__DATASET EXTRACT__.
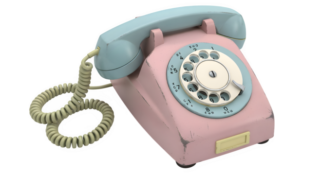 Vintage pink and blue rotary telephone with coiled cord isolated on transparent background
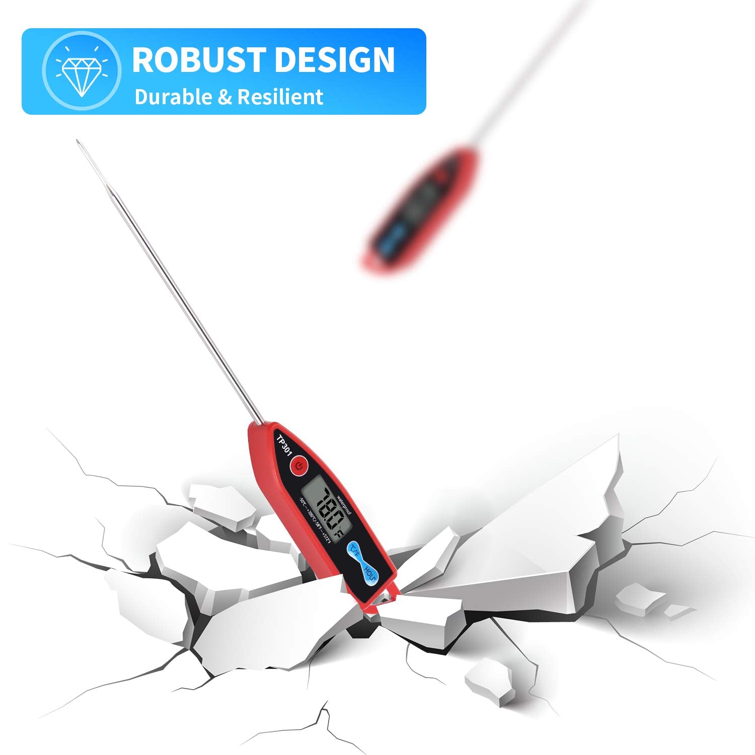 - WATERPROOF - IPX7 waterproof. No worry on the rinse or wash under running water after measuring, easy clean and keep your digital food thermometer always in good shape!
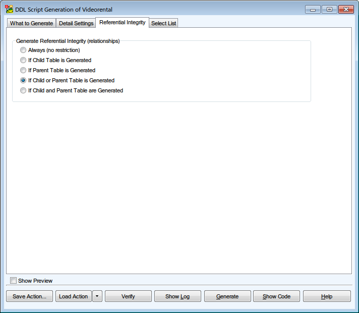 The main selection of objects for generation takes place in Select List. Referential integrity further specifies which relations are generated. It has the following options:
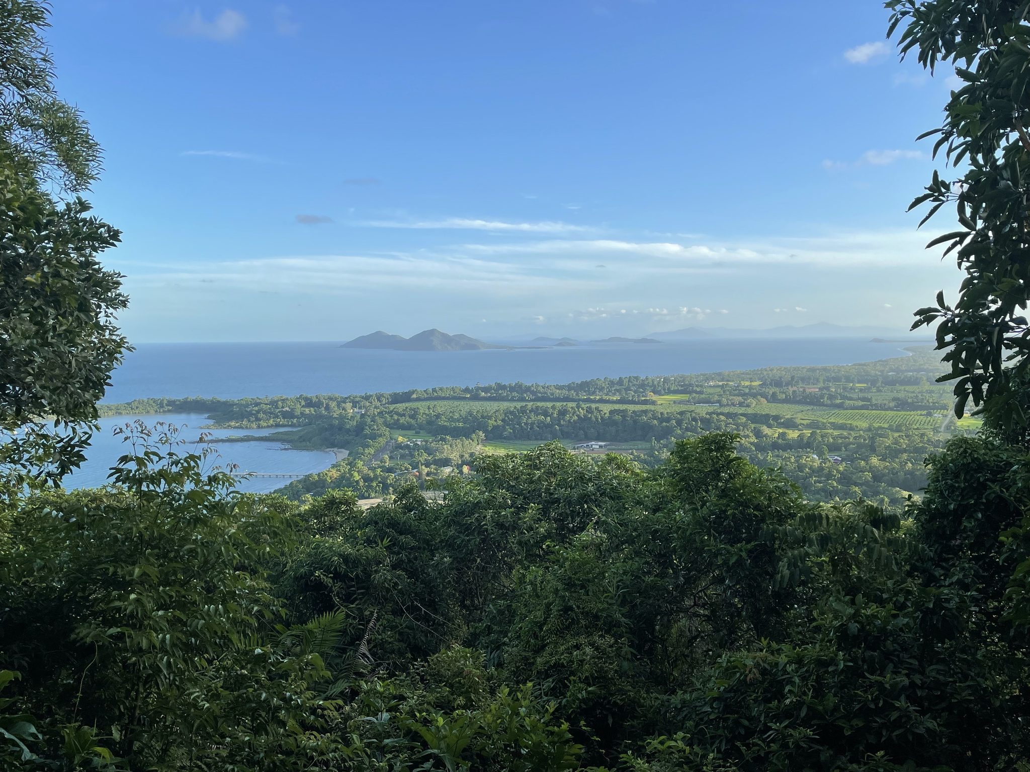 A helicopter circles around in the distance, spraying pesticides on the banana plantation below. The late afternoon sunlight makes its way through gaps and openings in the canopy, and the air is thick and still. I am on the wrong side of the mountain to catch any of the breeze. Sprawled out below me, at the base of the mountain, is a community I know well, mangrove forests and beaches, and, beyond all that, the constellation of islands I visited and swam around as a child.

__TASK ITEM__.
Word for word, write out the full listing, leaving the pictures aside.

__WRITTEN ANSWER__.
 Vintage pink and blue rotary telephone with coiled cord isolated on transparent background
 - WATERPROOF - IPX7 waterproof. No worry on the rinse or wash under running water after measuring, easy clean and keep your digital food thermometer always in good shape!
 The main selection of objects for generation takes place in Select List. Referential integrity further specifies which relations are generated. It has the following options:
 A helicopter circles around in the distance, spraying pesticides on the banana plantation below. The late afternoon sunlight makes its way through gaps and openings in the canopy, and the air is thick and still. I am on the wrong side of the mountain to catch any of the breeze. Sprawled out below me, at the base of the mountain, is a community I know well, mangrove forests and beaches, and, beyond all that, the constellation of islands I visited and swam around as a child.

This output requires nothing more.